In 2021, she was one of the participants in John Greyson's experimental short documentary film International Dawn Chorus Day.

Cheang directed the film UKI in 2023, a digital collage of game software-generated animation combined with live-action film and visual effects. A sequel to Cheang's 2000 cyberpunk feature I.K.U., the film premiered at the Museum of Modern Art (MoMA) in New York and was commissioned for a solo exhibition at the LAS Art Foundation in Berlin.
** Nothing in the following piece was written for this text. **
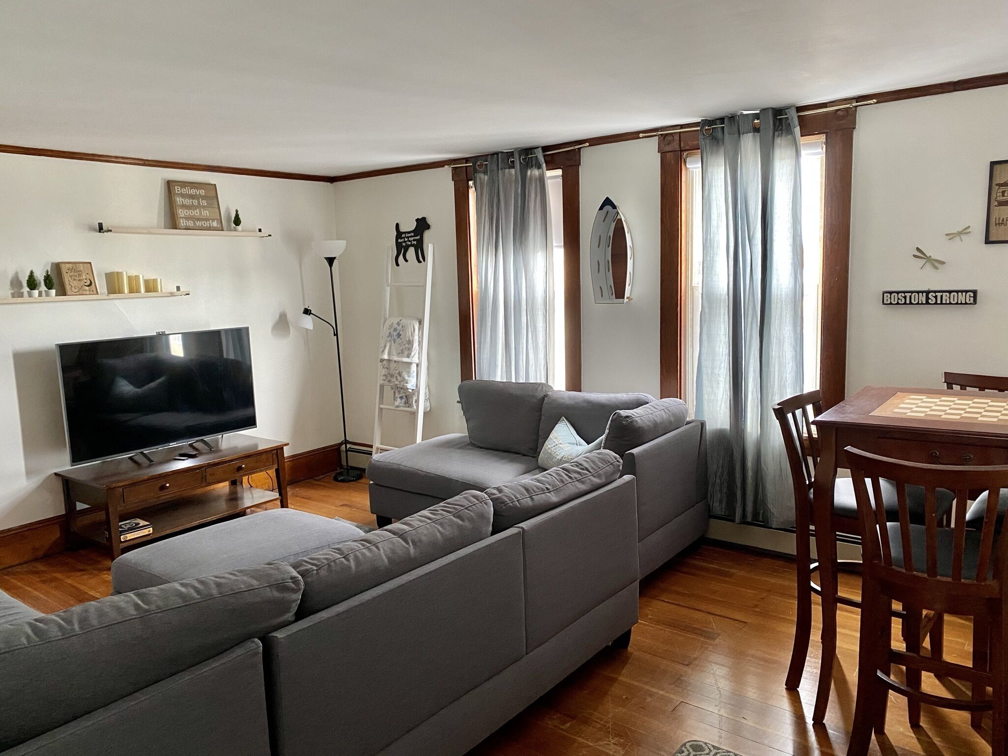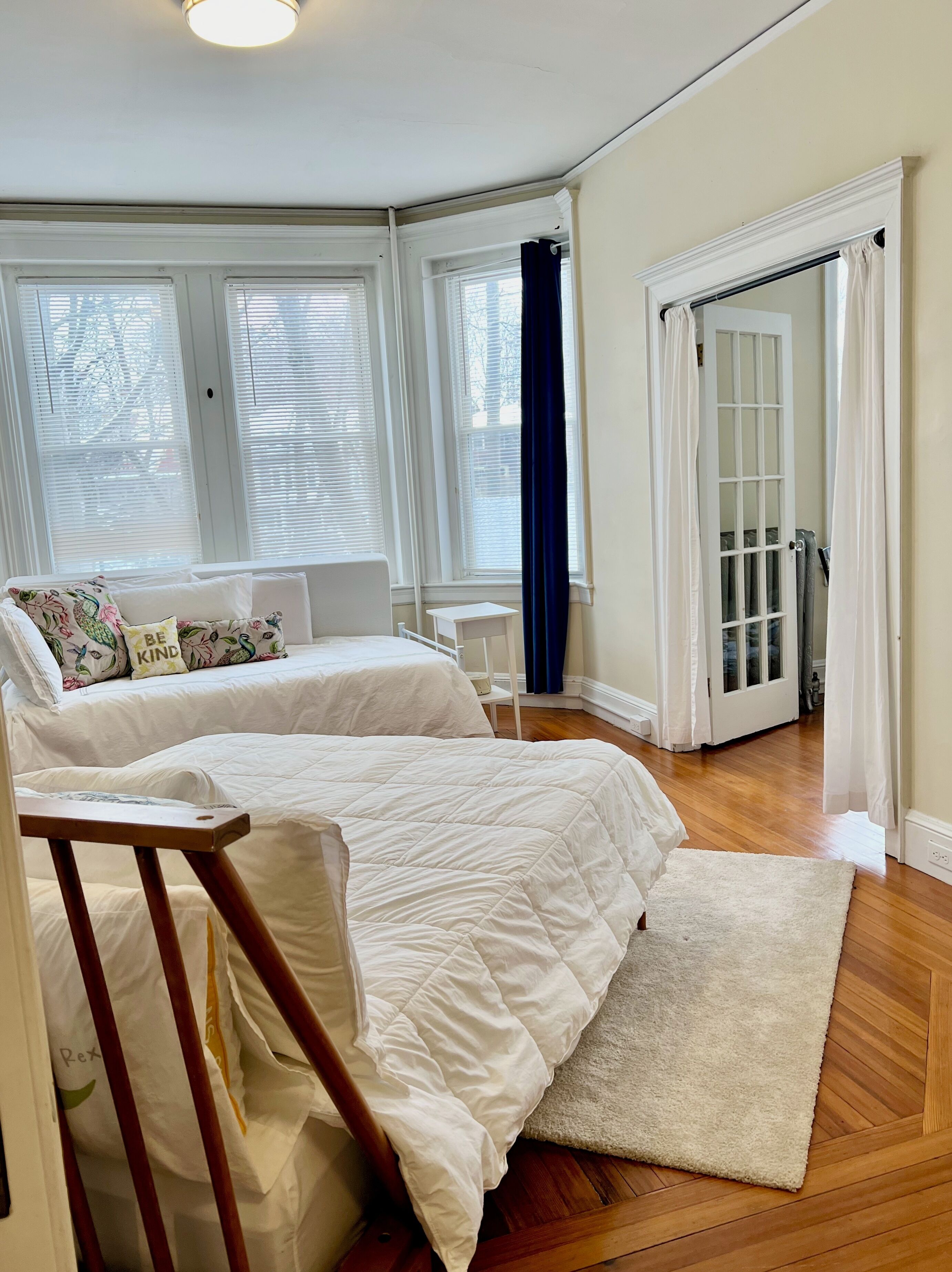 This amazing apartment is conveniently located within a 2-minute walk to the MBTA train station and a tenty minute ride into Boston, making it easy for you to plan your visit. With two bedrooms, one furnished with a king-size bed and the other with a queen-size bed and a daybed, you'll have plenty of space to stretch out and relax. French doors separate the two bedrooms, allowing for added privacy when needed. The main bedroom features sliding doors that can be opened or closed, giving you the option to enjoy the entranceway's spacious feel or keep it cozy. The apartment boasts high ceilings, tons of natural sunlight, and a peaceful ambiance, making it the perfect retreat after a long day of exploring. With a full kitchen, living room, and bathroom, you'll have everything you need to enjoy a comfortable stay. Plus, you'll be steps away from all the shops and restaurants right outside your door! Don't miss out on this fantastic opportunity to experience our one-of-a-kind space.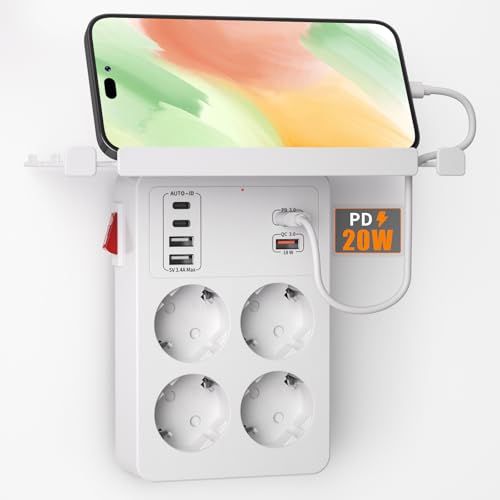 PD20W USB Uttag med Strömbrytare, Grenuttag med PD3.0 och QC18W snabbladdning,Vägguttag med 4 EU Eluttag och 6 USB Laddare,Uttagsadapter 1 Hylla,Väggladdare Flera Uttag med multikontakt Schuko,Vit

The production featured sound design and voice acting by Sky Deep.

==Filmography==
===Films===
- 1989 – The Trial of Tilted Arc (Short film; director)
- 1989 – Color Schemes (Short film installation; director)
- 1990 – How History Was Wounded: An Exclusive Report on Taiwanese Media (Short film; director)
- 1993 – Sex Fish (Short film; director)
- 1994 – Sex Bowl (Short film; director)
- 1994 – Fresh Kill (director)
- 1995 – Fingers and Kisses (Short film; director)
- 1995 – Coming Home (Short film; director)
- 2000 – I.K.U. (director, screenwriter)
- 2000 – Love Me 2030 (Short video; director)
- 2017 – Fluidø (director, producer, screenwriter)
- 2017 – Wonders Wander (Series; director, producer, screenwriter)
- 2018 – Fisting Club EP1 (Short film; director, producer)
- 2019 – 3x3x6 (Short film installation; director)
- 2023 – UKI (director, producer, screenwriter)
- 2025 – Fisting Club EP2 (Short film; director)
- 2026 – LOVER LOVE (Short film installation; director)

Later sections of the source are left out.